Da musst Du schon etwas spezieller werden. Was genau willst Du machen und womit hast Du ein Problem?


----------



## Plugrol (4. Jun 2020)

mihe7 hat gesagt.:


> Da musst Du schon etwas spezieller werden. Was genau willst Du machen und womit hast Du ein Problem?
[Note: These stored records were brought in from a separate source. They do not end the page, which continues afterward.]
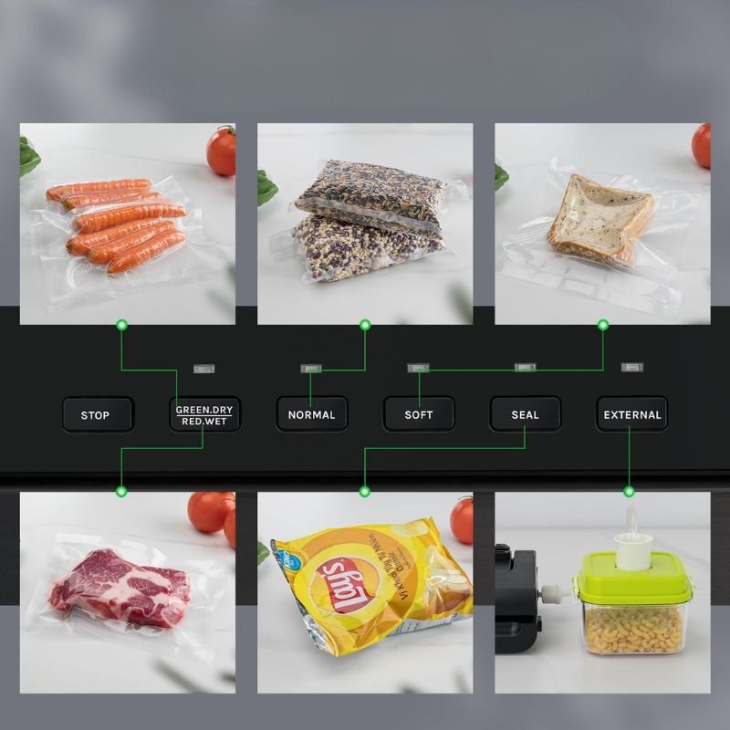 Offre una tripla impostazione di tenuta tra cui standard, media e forte, adattandosi a tutte le vostre esigenze di tenuta. Inoltre consente consente di conservare alimenti cotti, crudi, solidi e liquidi per settimane senza comprometterne la freschezza e la qualità.
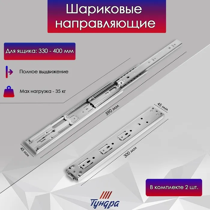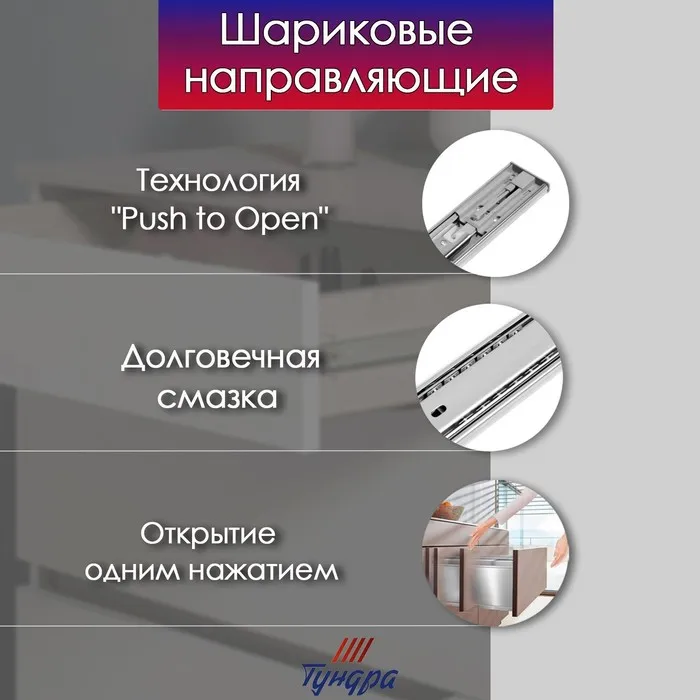 Шариковые направляющие ТУНДРА, система Push to Open 4512, L=300 мм, H=45 мм, 2 шт. — Характеристики
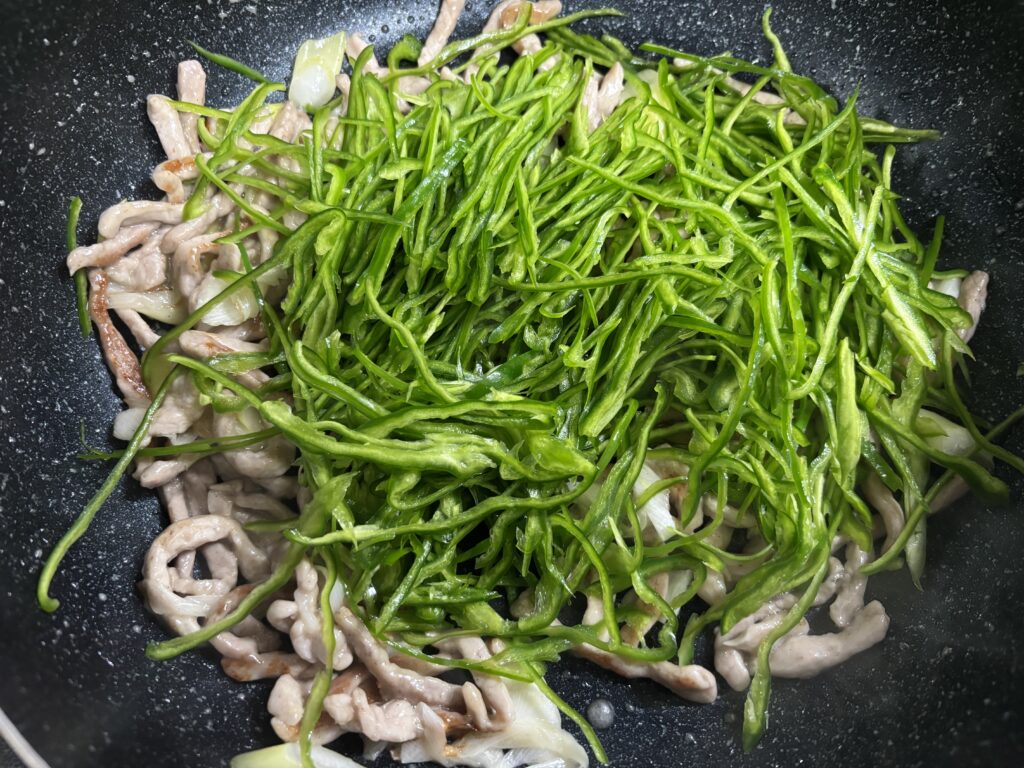- ピーマンとオイスターソースを加えて炒め合わせます。
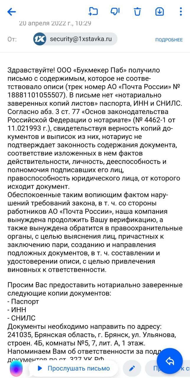 Эпопея с выводом денег со счета длится с ! С на адрес мною уже было прислано: - фото паспорта (более 10 вариантов); - договор с сотовым оператором (5 вариантов); - выписку с кошелька (изначальный запрос дополнялся 3 раза и все это с ожиданием 3 суток); - селфи с паспортом на фоне переписки (3 варианта); - запрос на фото оплаченных квитанций за КУ изменился на запрос фото самой пришедшей квитанции; - фото ИНН; - фото СНИЛС; - фото меня с листом бумаги, на которое нанес текущую дату и индивидуальный код; - запрашивали еще водительские права, загранпаспорт и свидетельство о рождении! После моего ответа, что прав, заграна и свидетельства о рождении у меня нет, запросили "нотариально заверенные следующие копии документов: - Паспорт - ИНН - СНИЛС" Предоставил, предварительно составив опись вложения, тк знал, что 1хставка может ответить, что ничего не получали. Оказалось всё еще хитрее!!! Теперь они утверждают, что опись вложения не соответствует самому вложению и, по их словам, будут обращаться в правоохранительные органы! Цитирую ответ: "В письме нет «нотариально заверенных копий листов» паспорта, ИНН и СНИЛС. Согласно абз. 3 ст. 77 «Основ законодательства Российской Федерации о нотариате» (№ 4462-1 от г.), свидетельствуя верность копий документов и выписок из них, нотариус не подтверждает законность содержания документа, соответствие изложенных в нем фактов действительности, личность, дееспособность и полномочия подписавших его лиц, правоспособность юридического лица, от которого исходит документ."По факту все эти документы в письме были, подтвердить, что мною эти документы были сделаны, может нотариус, то, что запрошенные документы в письме находились, может сотрудник почты! Что я могу изменить? Если я отправлю еще одно письмо даже без описи вложения, то они скажут, что вообще ничего не получали!!! Это беспредел!!! Помогите хотя бы понять, что им вообще от меня надо!Прошу помочь вывести деньги. На данный момент на моем счете БК 1хставка находится сумма 99279р. Также подсчитано, что мною внесена сумма 71500р и полностью разыграна. После получения выигрыша смог вывести только 15000р.
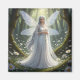 Uma bela fada vestindo um vestido branco fluido e um colar feito de diamantes com margaridas e diamantes em seu longo cabelo branco-prateado e asas brancas iridescentes como a libélula, segurando uma margarida em uma floresta mágica cercada por margaridas e mussas cobertas.
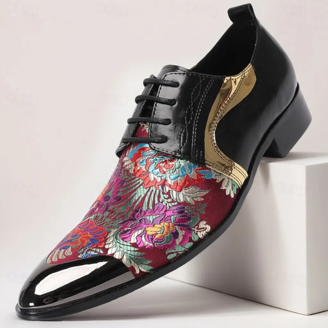 Sapatos Oxford em Couro Vermelho e Roxo Masculinos com Padrão Floral e Design de Cadarço com Ponta Dourada–Elegantes Fashion-forward Ideais para Ocasiões Formais e Festas
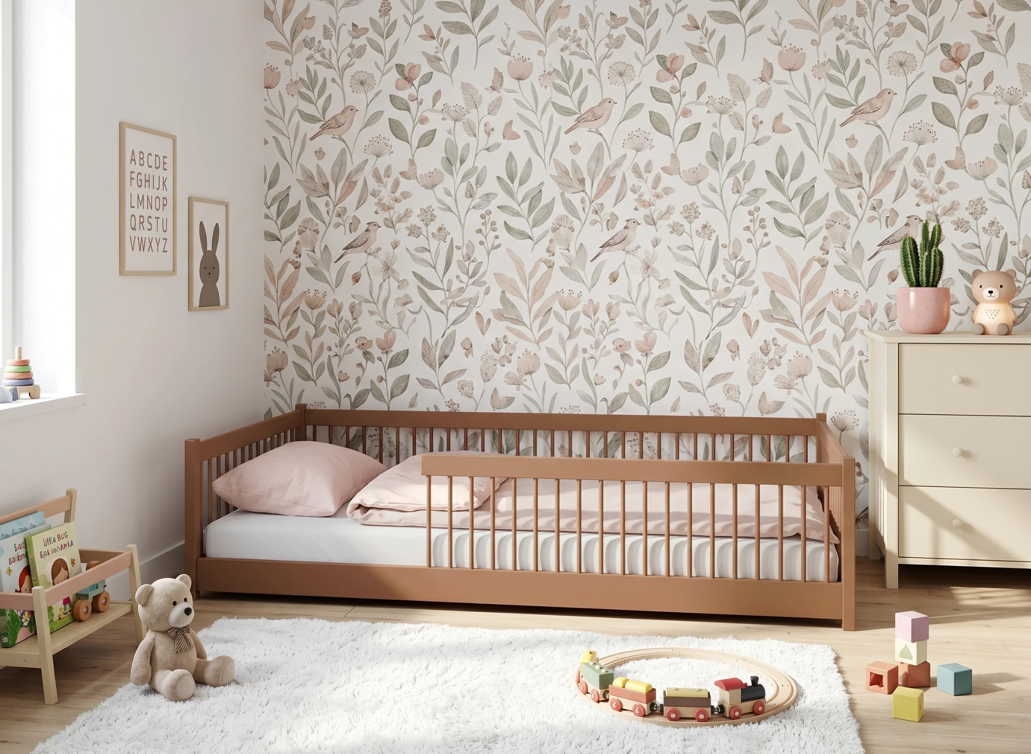 Ditt barn förtjänar självständighet – upptäck den kanelfärgade JUNIOR-sängen 120x200 i Montessori-stil
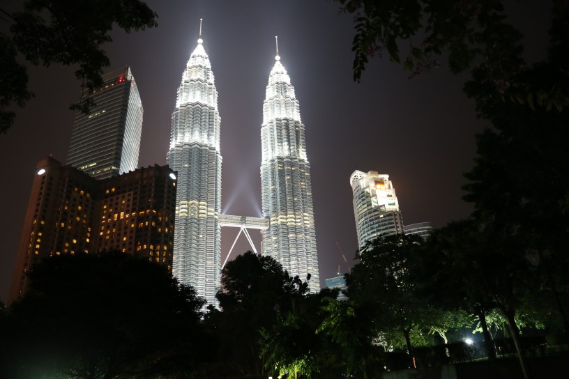 Yesterday we managed to walk to the Petronas Towers. There was an air- conditioned walkway linking several hotels and shopping centres to the KL Convention Centre. The Convention Centre opens onto a park with great views of the towers. So good that I decided to go back to see it at night. Unfortunately the walkway closed at 11pm. By the time I had walked around the park and 20 minutes back across town I was dripping. Well worth it to see the towers lit up.
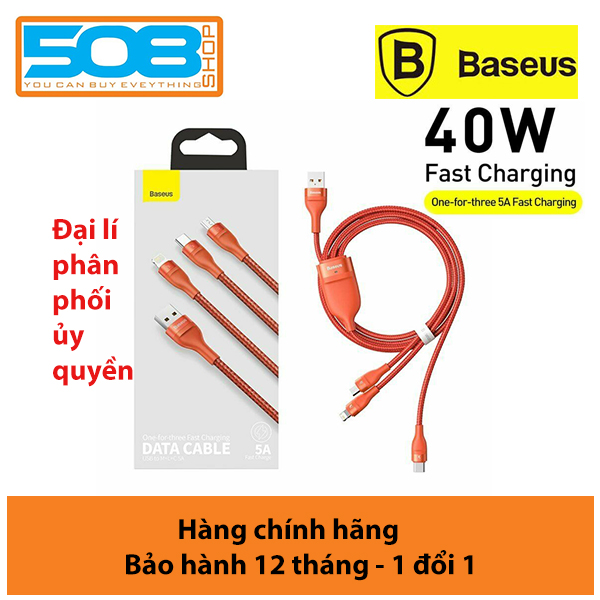 Cáp sạc nhanh 3 đầu Baseus Flash Series 3in1 (USB to Type C/ Lai-nin/ Micro, 5A/40W Quick Charging & Data Cable) - Bảo hành 12 tháng
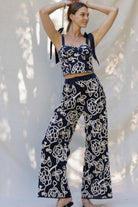 Floral embroidered tie shoulder top and pants with pockets set. Model is wearing a size Small
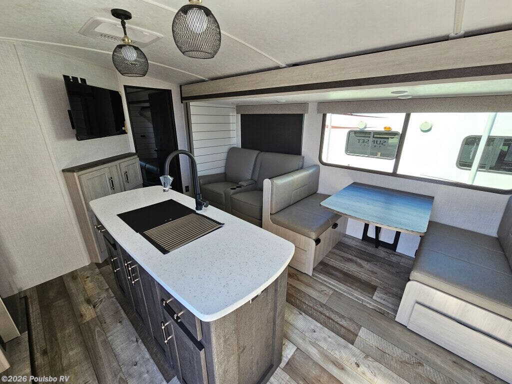 Introducing the 2026 CrossRoads Sunset Trail SS331BH, a remarkable RV designed for families seeking adventure and comfort on the open road. This spacious trailer boasts a length of 37.4 feet, providing ample room for relaxation and entertaining. With a dry weight of 8195 pounds and a hitch weight of 1165 pounds, it is manageable and ready for any journey. The new condition of this model ensures that you are getting a top-notch experience. Inside, the living area is thoughtfully designed, offering sleeping accommodations for up to 11 people, making it perfect for family outings or trips with friends. The RV features three slide-outs that enhance the living space, allowing everyone to stretch out and enjoy their surroundings. Equipped with a bunkhouse, it ensures kids have their own area, promoting comfort and convenience. The front and rear power leveling jacks take the hassle out of setting up camp, making your arrival stress-free. Enjoy your favorite tunes with integrated audio systems that elevate your outdoor and indoor experiences. This model is a versatile choice for anyone looking to explore the great outdoors while enjoying modern amenities. As a family-owned, award-winning local RV dealer with multiple locations in Sumner, Everett, Kent, and Mt. Vernon Washington, Poulsbo RV is here to help you find the perfect RV. Stock#: S851, VIN: 4YDTSSR29TJ350035.
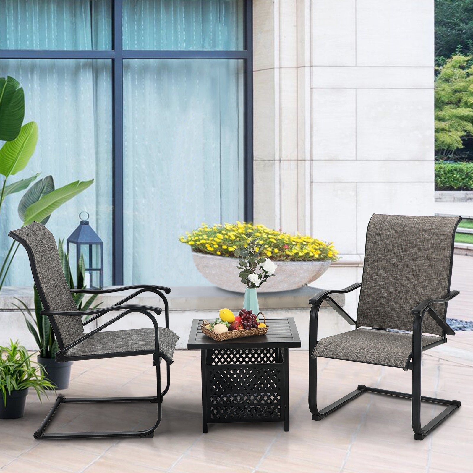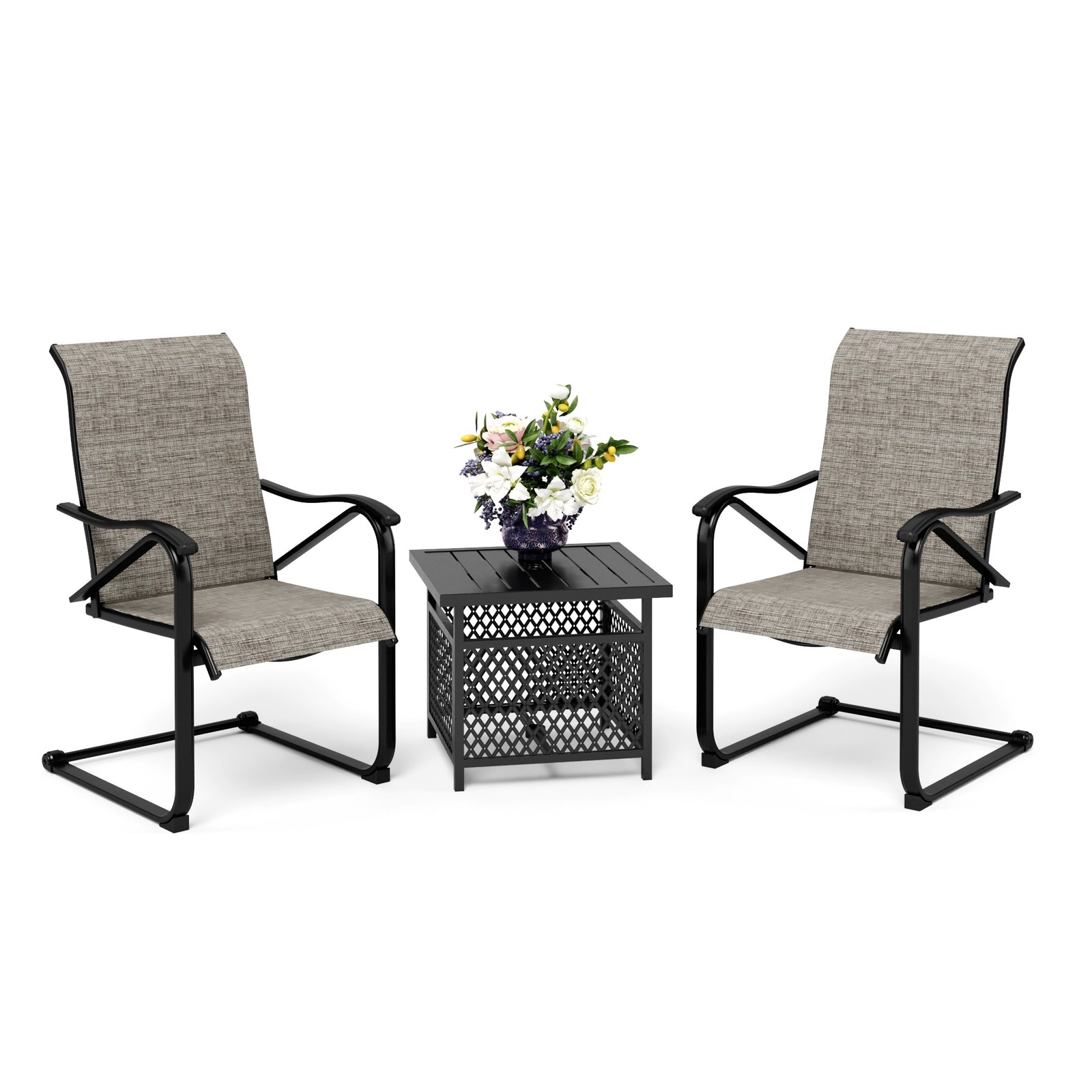 PHI VILLA 3-piece patio bistro sets perfectly create the mood for great conversation and cafe-style dining. The ideal choice for outdoors amusement, such as patio, garden, porch, deck or yard. This 3-piece outdoor bistro furniture set will make a lovely relaxing environment where you can catch up with friends or family over coffee or conversation. All materials are treated to resist weather, rust and fading throughout the year.Please NOTE: This set will be separated into 2 boxes for delivery. Because of the timeliness of logistics, their arrival time is different. Please wait patiently or contact the Overstock's service to check the logistics situation. Thanks for your understanding and cooperation.Note:The chair has been upgraded, and the rust on the legs of the chair has been Free Shipping Over $49.99* Details 3-Piece Patio Dining Set, Side Metal Table & 2 C Spring Motion Chairs, Product Description: PHI VILLA 3-piece patio bistro sets perfectly create the mood for great conversation and cafe-style dining. The ideal choice for outdoors amusement, such as patio, garden, porch, deck or yard. This 3-piece outdoor bistro furniture set will make a lovely relaxing environment where you can catch up with friends or family over coffee or conversation. All materials are treated to resist weather, rust and fading throughout the year. Please NOTE This set will be separated into 2 boxes for delivery. Because of the timeliness of logistics, their arrival time is different. Please wait patiently or contact the Overstock's service to check the logistics situation. Thanks for your understanding and cooperation. Note:The chair has been upgraded, and the rust on the legs of the chair has been improved. Features: Metal steel with E-coating, weather resistant and built for last. Side grid with high quality black powder coating, modern and stylish. Equipped with 1.57 umbrella hole, suitable for most umbrellas. Premium textilene spring motion chair, stylish and offers you rocking relax. Ergonomically designed outdoor furniture set, spacious enough for 2 people dining or conversation. Perfect for patio, porch, backyard, balcony, poolside, deck and other suitable space in your home. Simple assembly required 1-Year WarrantyIf there's any issue with the product, please contact us. Specifications: Table Dimension22" L x 22" W x 18.5" H Table MaterialSteel Chair Display Dimension23.4"L x 24.8"W x 41"H Chair MaterialSteel & Textilene Chair Max. Load300 Lbs Package Includes: Bistro Coffee Table x 1 Spring Motion Chair x 2 Accessory Bag x 1 Instruction Manual x 1

Ich würde gerne  für jede Höhe und Tiefe ein int bekommen um dann einen Audio Visualizer daraus zu machen, d.h Wenn das viel Höhen hat und wenig Tiefen, dass der Visualizer dann auf der einen Seite hoch ist und auf der anderen Seite nicht.


----------



## mihe7 (4. Jun 2020)

Das funktioniert mittels einer diskreten Fast-Fourier-Transformation. Wenn Du nach "FFT Java" (ohne Anführungszeichen) googelst, solltest Du fündig werden. Du kannst auch gleich nach "Java Spectrum Analyzer" suchen, dann findest Du vielleicht gleich einen konkreten Anwendungsfall.


----------



## Plugrol (5. Jun 2020)

mihe7 hat gesagt.:


> Das funktioniert mittels einer diskreten Fast-Fourier-Transformation. Wenn Du nach "FFT Java" (ohne Anführungszeichen) googelst, solltest Du fündig werden. Du kannst auch gleich nach "Java Spectrum Analyzer" suchen, dann findest Du vielleicht gleich einen konkreten Anwendungsfall.


Ok, ich werde es gleich mal probieren, danke schon einmal im vorraus.
LG Plugrol


----------